Wednesday, November 1, 2017

Tabletop Games





As society plunged into the new dark ages, one of the few means of recreation was tabletop game. Cheap and not requiring electricity, tabletop games also evoke a sort of anachronistic, recursive nostalgia. They remind people of "good old days"' while still being intelligible to current circumstances. However, in Medieval America, all but Chess have a pretty shady rep and are discouraged by the clergy, and even so!even of the most innocuous card and board games are the equivalent to our lurid video games or pornography. (Some cards and game pieces are in fact, pornographic) Soldiers will dispose of their playing cards before battle, so families or pries to won't find them on their person. "Losing their cards" has become a colloquialism for sanitizng a dead person's past.

Chess is ever popular, and is actually one of the more intellectual pursuits for Warlords, as it teaches strategy, patience, and respect for one's opponent. It also stereotypes a Chess player as more of a rich, landed bro as opposed to an egghead per se. The poorer will play Checkers, and Chess vs Checkers is sometimes used to distinguish the knight vs mercenary stratification.

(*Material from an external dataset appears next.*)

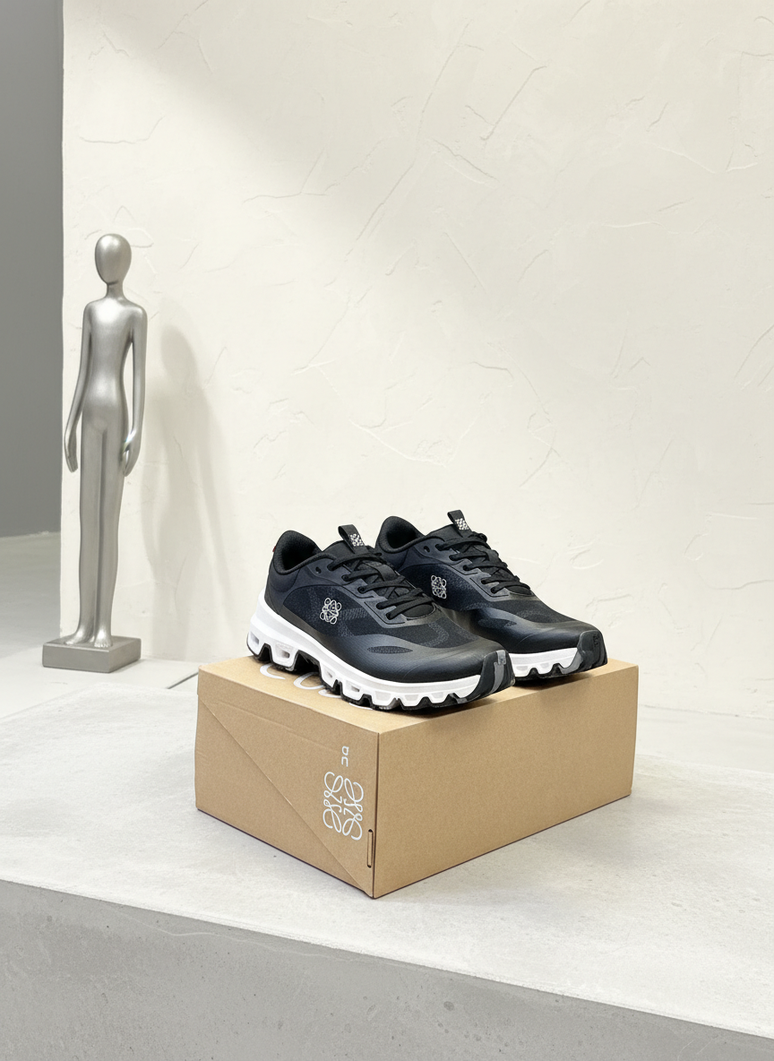Loewe Cloudventure Sneakers—Stylish black running shoes with breathable mesh and cushioned sole, perfect for comfort, fashion, and performance in urban or outdoor adventures.

While most of Europe has to back o their own varying, sometimes esoteric suits (like  Three of Dogs), American card players stick to the standardized suit of hearts-clubs-diamonds-spades. However, card decks in the new Middle Ages tend to be smaller in size, as it's creates more work from the cardmaker, and people don't really feel like counting beyond 8. Cards tend to be byproducts of book making, so one is more likely to find them in Portland or Buffalo.

Of all the Parker Bros era books, Clue is the most popular. This is because the Christiesque atmosphere is both familiar yet exotic to Medieval Americans, and because it's a relatively simple game in both instructions and resources. The gun is replaced with a poisoned chalice, and because of the game, 20th century denizens have a reputation of being quite murderous.

Dungeons and Dragons is sometimes played, and mistakenly believed to date back to the original Middle Ages. It's actually much more simplified and even standardized, as people don't have he time or means to keep track of hundreds of monster stats. Monsters are placed throughout a maze (a dragon is always the center), and ranked on a scale of one to six. (Codifying this can be a source of much argument) No prestige classes, the lineup is usually confined to fighter, healer, magician, archer and thief. No more, no less.